Task to carry out: Within the listing below, give again exactly the lines between the one containing "3、点击下方技能按钮释放【火" and the one containing "黑色復古英倫風厚底靴子女長筒靴2025新款秋冬配裙子顯瘦騎士長靴", inclusive, pictures left aside.

──────── Material for the task

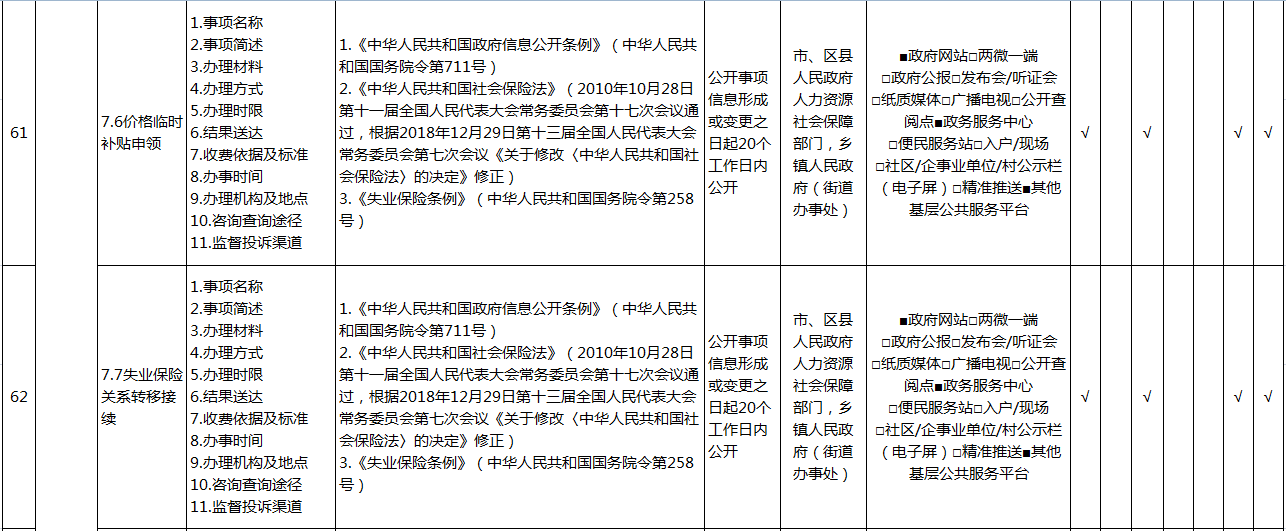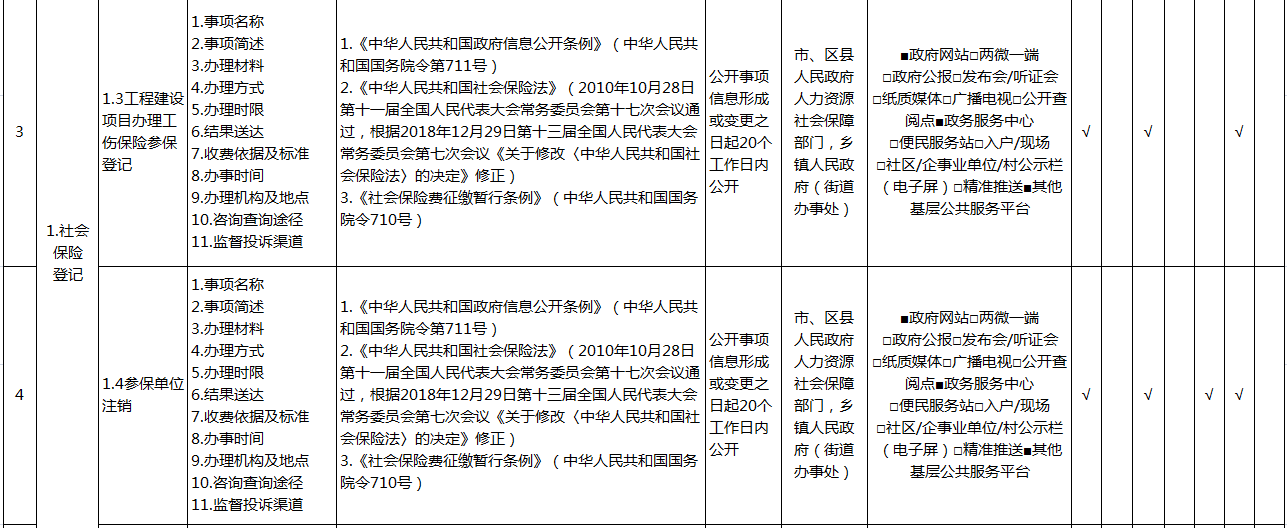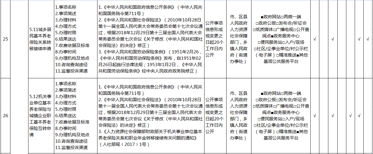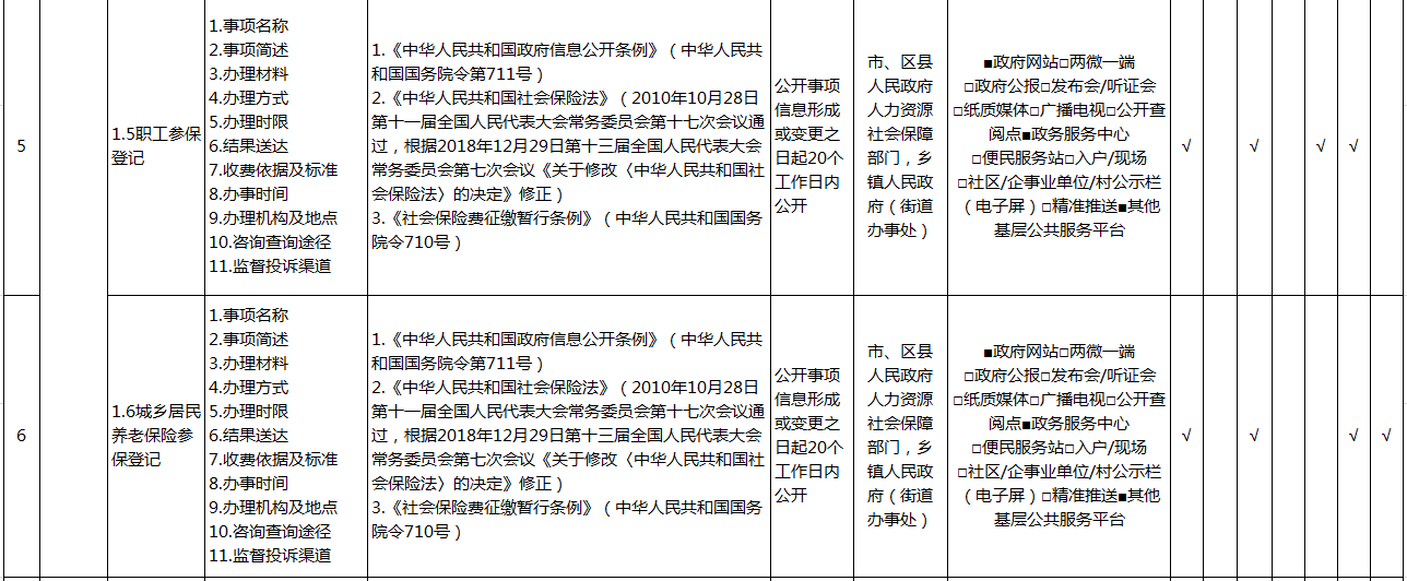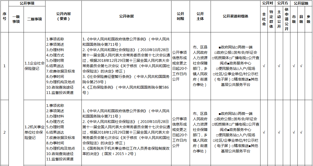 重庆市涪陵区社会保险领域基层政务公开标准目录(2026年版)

────────────────
──────── Material for the task

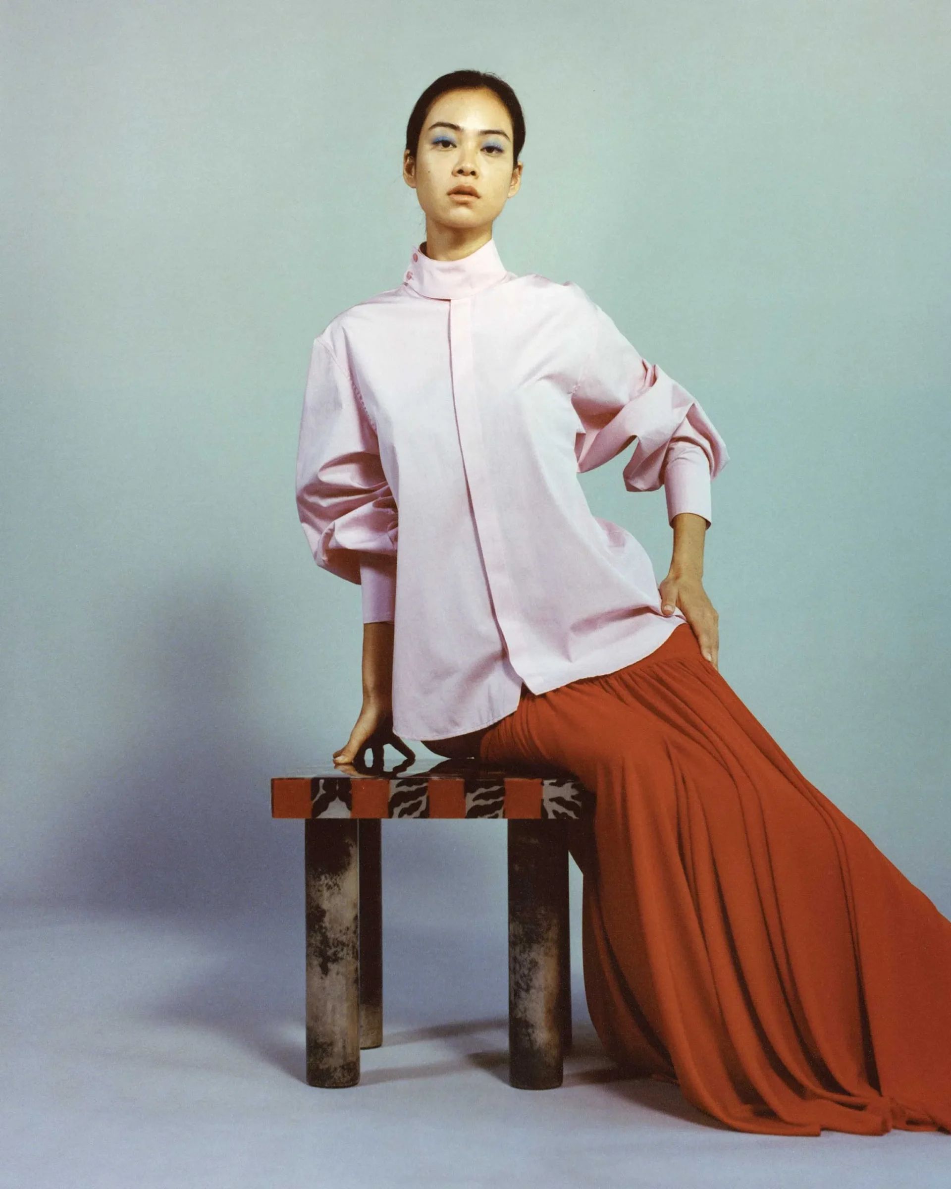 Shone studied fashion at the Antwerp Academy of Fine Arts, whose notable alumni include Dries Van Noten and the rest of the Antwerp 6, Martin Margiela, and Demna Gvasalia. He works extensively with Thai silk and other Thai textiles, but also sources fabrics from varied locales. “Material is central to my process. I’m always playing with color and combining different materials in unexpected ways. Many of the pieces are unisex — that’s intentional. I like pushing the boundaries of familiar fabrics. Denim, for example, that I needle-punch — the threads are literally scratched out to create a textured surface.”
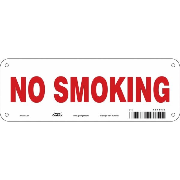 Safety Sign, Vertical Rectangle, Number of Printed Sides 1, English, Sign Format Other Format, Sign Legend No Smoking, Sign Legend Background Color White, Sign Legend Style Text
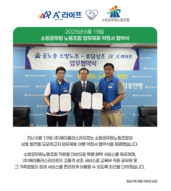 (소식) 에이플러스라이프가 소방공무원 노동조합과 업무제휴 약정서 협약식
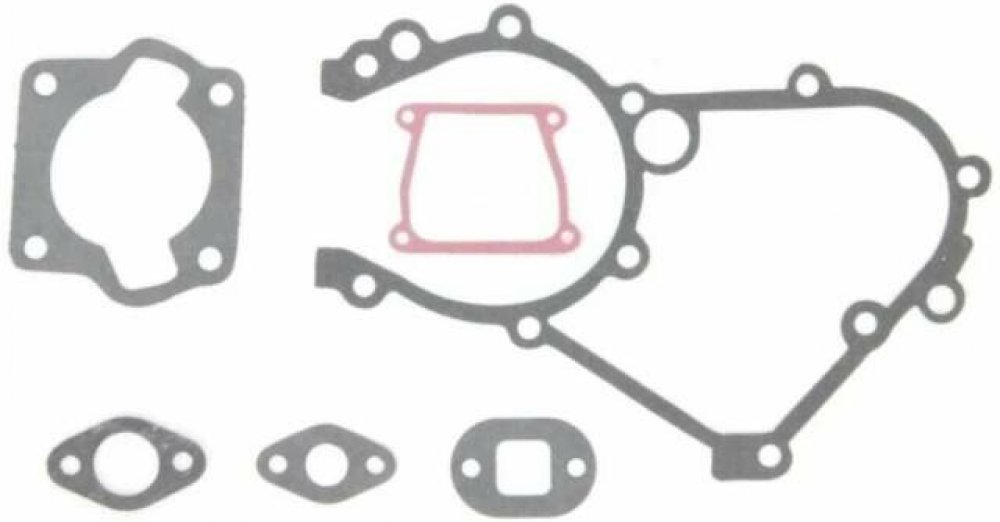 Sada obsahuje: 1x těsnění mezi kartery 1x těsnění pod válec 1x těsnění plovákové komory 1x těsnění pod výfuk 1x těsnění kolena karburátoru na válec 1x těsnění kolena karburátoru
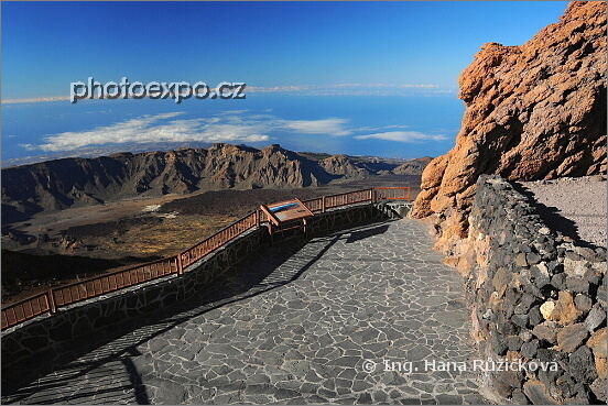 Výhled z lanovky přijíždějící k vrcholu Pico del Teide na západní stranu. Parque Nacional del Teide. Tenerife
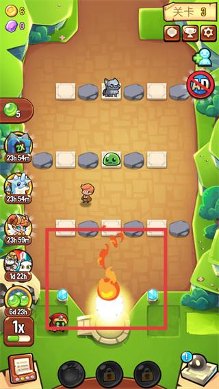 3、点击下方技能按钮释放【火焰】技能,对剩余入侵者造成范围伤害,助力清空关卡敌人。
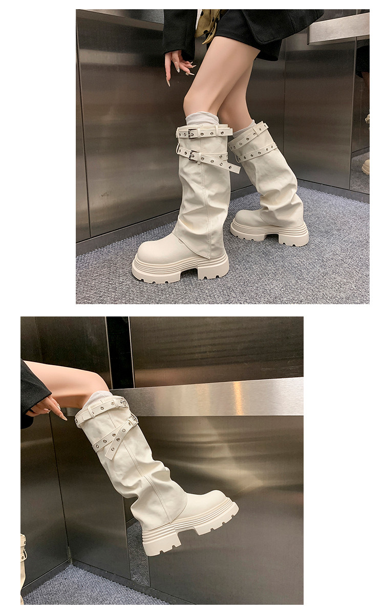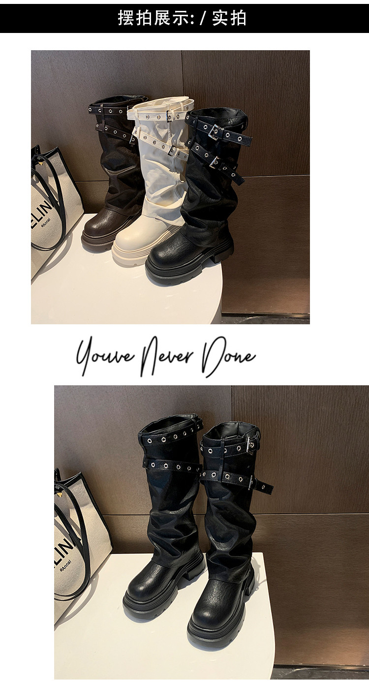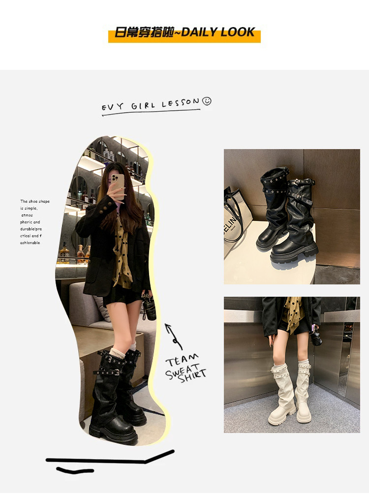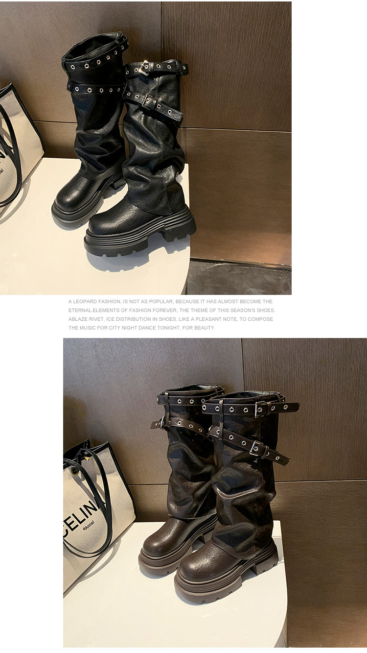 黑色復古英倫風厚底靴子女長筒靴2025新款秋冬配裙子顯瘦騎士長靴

────────────────
──────── Material for the task

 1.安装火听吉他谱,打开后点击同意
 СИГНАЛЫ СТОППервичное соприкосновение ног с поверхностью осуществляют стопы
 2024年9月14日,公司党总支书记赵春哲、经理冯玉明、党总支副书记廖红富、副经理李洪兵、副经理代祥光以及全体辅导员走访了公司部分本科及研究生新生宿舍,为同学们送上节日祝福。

────────────────

Written solution:
 3、点击下方技能按钮释放【火焰】技能,对剩余入侵者造成范围伤害,助力清空关卡敌人。
 黑色復古英倫風厚底靴子女長筒靴2025新款秋冬配裙子顯瘦騎士長靴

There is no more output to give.